[PROVIDED MATERIAL Boundary: Start]
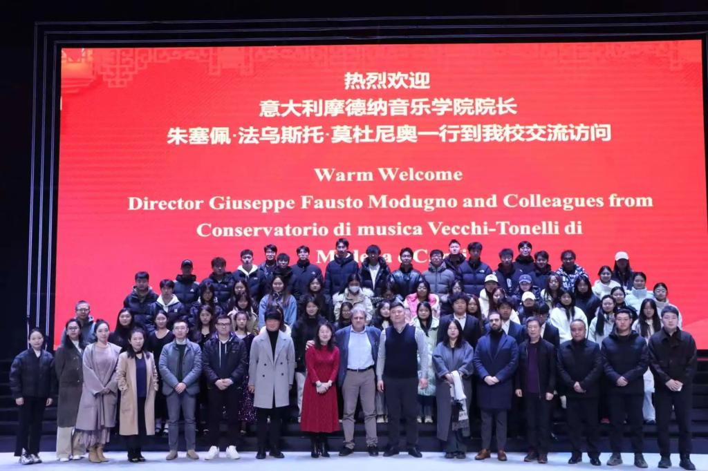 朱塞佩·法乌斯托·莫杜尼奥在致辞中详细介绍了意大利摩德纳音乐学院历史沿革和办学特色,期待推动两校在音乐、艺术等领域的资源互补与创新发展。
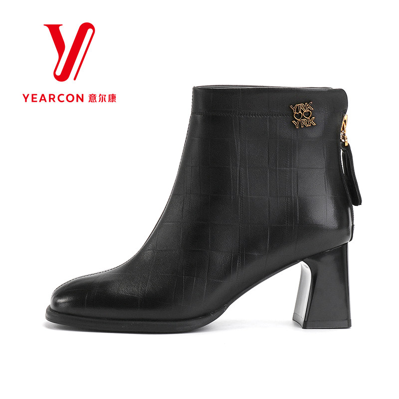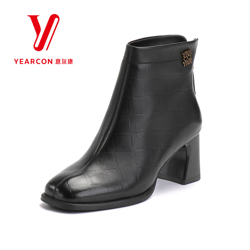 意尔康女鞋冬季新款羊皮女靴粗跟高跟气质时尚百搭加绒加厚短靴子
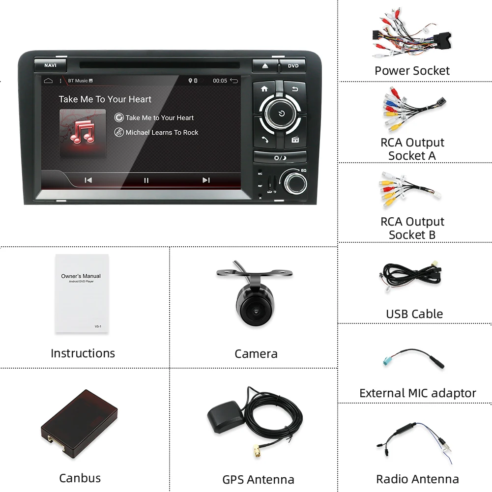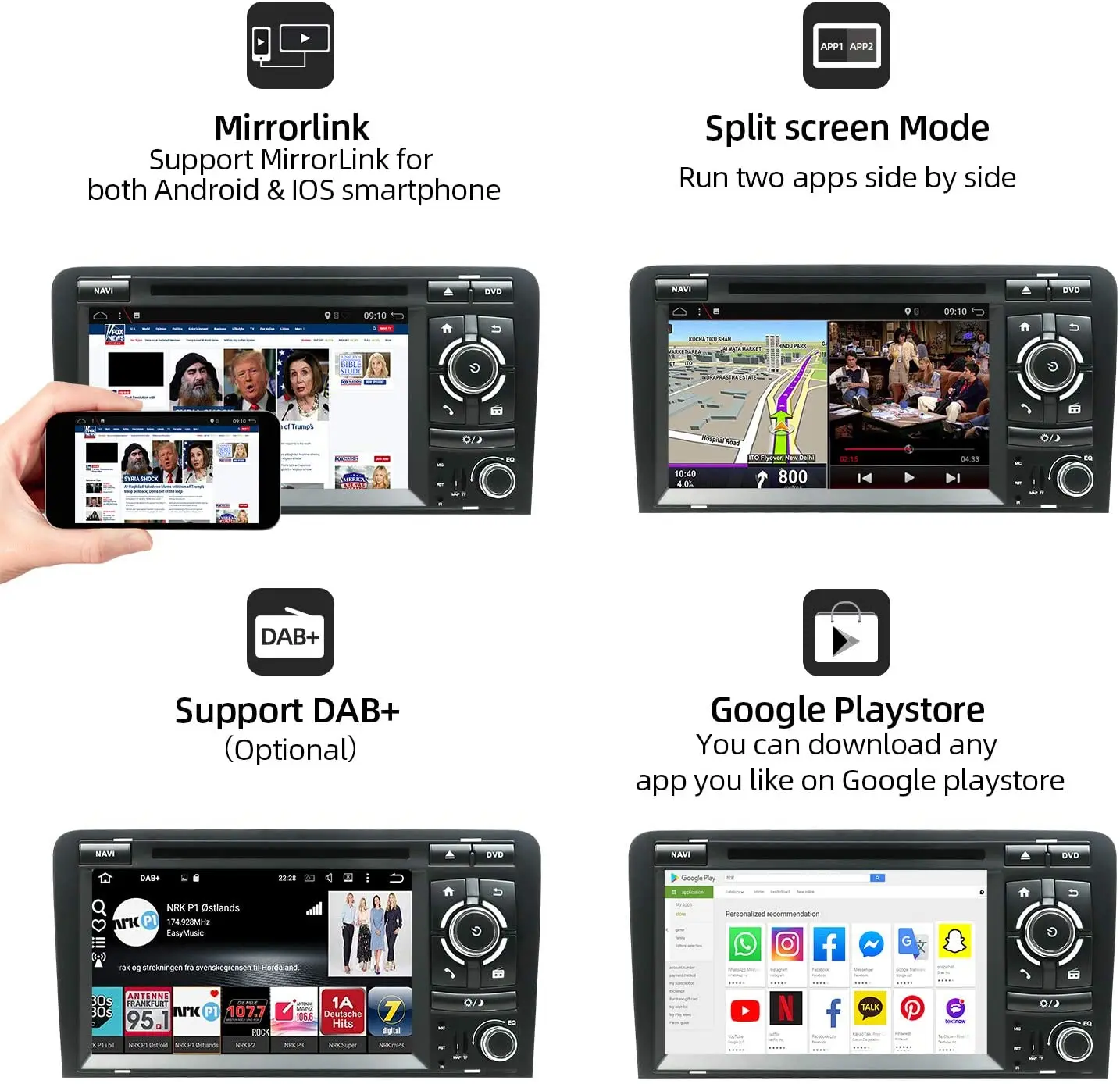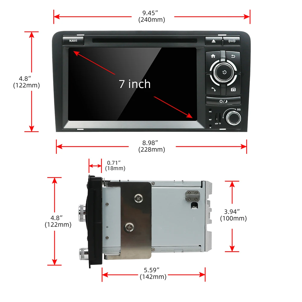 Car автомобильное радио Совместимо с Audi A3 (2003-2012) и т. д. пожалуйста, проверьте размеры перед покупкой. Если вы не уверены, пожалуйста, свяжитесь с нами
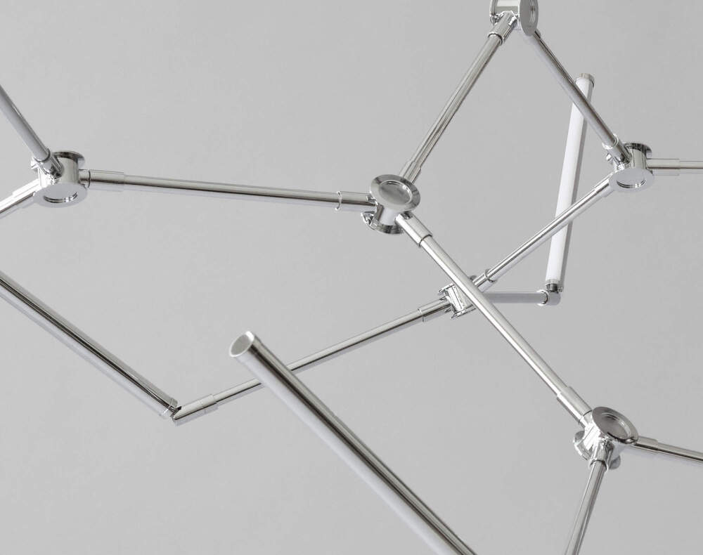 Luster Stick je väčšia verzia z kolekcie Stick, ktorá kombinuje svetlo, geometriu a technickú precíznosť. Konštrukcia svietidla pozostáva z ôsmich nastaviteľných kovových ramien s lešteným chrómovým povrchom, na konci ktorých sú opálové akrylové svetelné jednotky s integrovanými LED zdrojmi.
[PROVIDED MATERIAL Boundary: End]
WHAT TO WORK ON: Copy out the whole listing word for word, except for any picture it includes.

TASK RESPONSE:
 朱塞佩·法乌斯托·莫杜尼奥在致辞中详细介绍了意大利摩德纳音乐学院历史沿革和办学特色,期待推动两校在音乐、艺术等领域的资源互补与创新发展。
 意尔康女鞋冬季新款羊皮女靴粗跟高跟气质时尚百搭加绒加厚短靴子
 Car автомобильное радио Совместимо с Audi A3 (2003-2012) и т. д. пожалуйста, проверьте размеры перед покупкой. Если вы не уверены, пожалуйста, свяжитесь с нами
 Luster Stick je väčšia verzia z kolekcie Stick, ktorá kombinuje svetlo, geometriu a technickú precíznosť. Konštrukcia svietidla pozostáva z ôsmich nastaviteľných kovových ramien s lešteným chrómovým povrchom, na konci ktorých sú opálové akrylové svetelné jednotky s integrovanými LED zdrojmi.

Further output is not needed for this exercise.